"I greatly enjoyed my microscopic work," said Percy, "and still more the work in the chemical laboratory where we finally learned to analyze soils, to take them apart and see what they contain,—how much nitrogen how much phosphorus, how much limestone, or how much soil acidity, which means that limestone is needed. Then I also enjoyed the work in the pot-culture laboratory, where we learned not to analyze but to synthesize; that is, to put different materials together to make a soil. Thus, we would make one soil and put in all of the essential plant food elements except nitrogen, and another with only phosphorus lacking, and still another with both nitrogen and phosphorus present, and all of the other essential elements provided, except potassium, or magnesium, or iron. These prepared soils were put in glass jars having a hole in the bottom for drainage, and then the same kind of seeds were planted in each jar or pot. Some students planted corn, others oats or wheat or any kind of farm seeds. I grew rape plants in one series of pots, and I have a photograph with me which shows very well that all of the plant food elements are essential.

"You see one pot contained no plant food and one was prepared with all of the ten essential elements provided. Then the other pots contained all but one of the necessary soil elements, as indicated in the photograph."
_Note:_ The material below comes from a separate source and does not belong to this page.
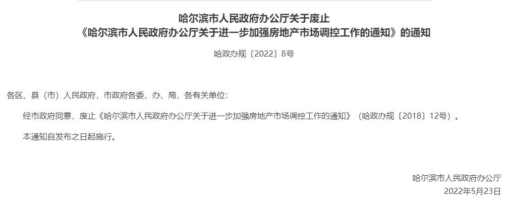 注:稿源:哈尔滨市人民政府官网《重磅!哈尔滨宣布废止《关于进一步加强房地产市场调控工作的通知》

"Why, I never saw anything like that," said Mrs. Thornton.

"But I have many a time," said her husband, "right here on this old farm; I don't know what's lacking, of course, but some years I've thought most everything was lacking. But, according to this pot-culture test, you can't raise any crops if just one of these ten elements is lacking, no matter how much you have of the other nine; and it seems to make no difference which one is lacking, you don't get any crop. Is that the fact, Mr. Johnston?"
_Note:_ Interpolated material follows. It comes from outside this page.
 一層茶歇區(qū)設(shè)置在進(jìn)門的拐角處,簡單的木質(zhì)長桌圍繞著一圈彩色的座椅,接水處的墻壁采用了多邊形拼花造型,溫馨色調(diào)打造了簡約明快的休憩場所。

One pot with no plant food, and one with all the essential elements provided, and still others with but one element lacking. All planted the same day and cared for alike.

"Yes, Sir," Percy replied. "Where all of the elements are provided, a fine crop is produced, but in each case where a single element is omitted that is the only difference, and in some cases the result is worse than where no plant food is supplied. It seems to hurt the plant worse to throw its food supply completely out of balance than to leave it with nothing except what it draws from the meager store in the seed planted. Of course all the pots were planted with the same kind of seed at the same time, and they were all watered uniformly every day."
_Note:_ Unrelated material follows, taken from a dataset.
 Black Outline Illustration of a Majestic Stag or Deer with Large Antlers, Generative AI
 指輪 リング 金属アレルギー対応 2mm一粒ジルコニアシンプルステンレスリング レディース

"Those results are very striking, indeed," said Miss Russell," but I suppose one would never see such marked differences under farm conditions?"

"Only under unusual or abnormal conditions," Percy replied, "but the fact is that as a very general rule our crop yields are limited chiefly because the supply of available plant food is limited. Sometimes the clover crop is a complete failure on untreated land, while it lives and produces a good crop if the soil is properly treated; and in such cases the difference developed in the field is just as marked as in the pot-cultures. In general we may set it down as an absolute fact that the productive power of normal land depends primarily upon the ability of the soil to feed the crop.

"I have here a photograph of a corn field on very abnormal soil. They had the negative at the Experiment Station and I secured a print from it, in part because I became interested in a story connected with this experiment field, which our professor of soil fertility reported to us.

"This shows a field of corn growing on peaty swamp land, of which there are several hundred thousand acres in the swamp regions of Illinois, Indiana, and Wisconsin. This peaty soil is extremely rich in humus and nitrogen, well supplied with phosphorus and other elements, except potassium; but in this element it is extremely deficient. This land was drained out at large expense, and produced two or three large crops because the fresh grass roots contained some readily available potassium; but after three or four years the corn crop became a complete failure, as you see from the untreated check plot on the right; while the land on the left, where potassium was applied, produced forty-five bushels per acre the year this photograph was taken, and with heavier treatment from sixty to seventy-five bushels are produced."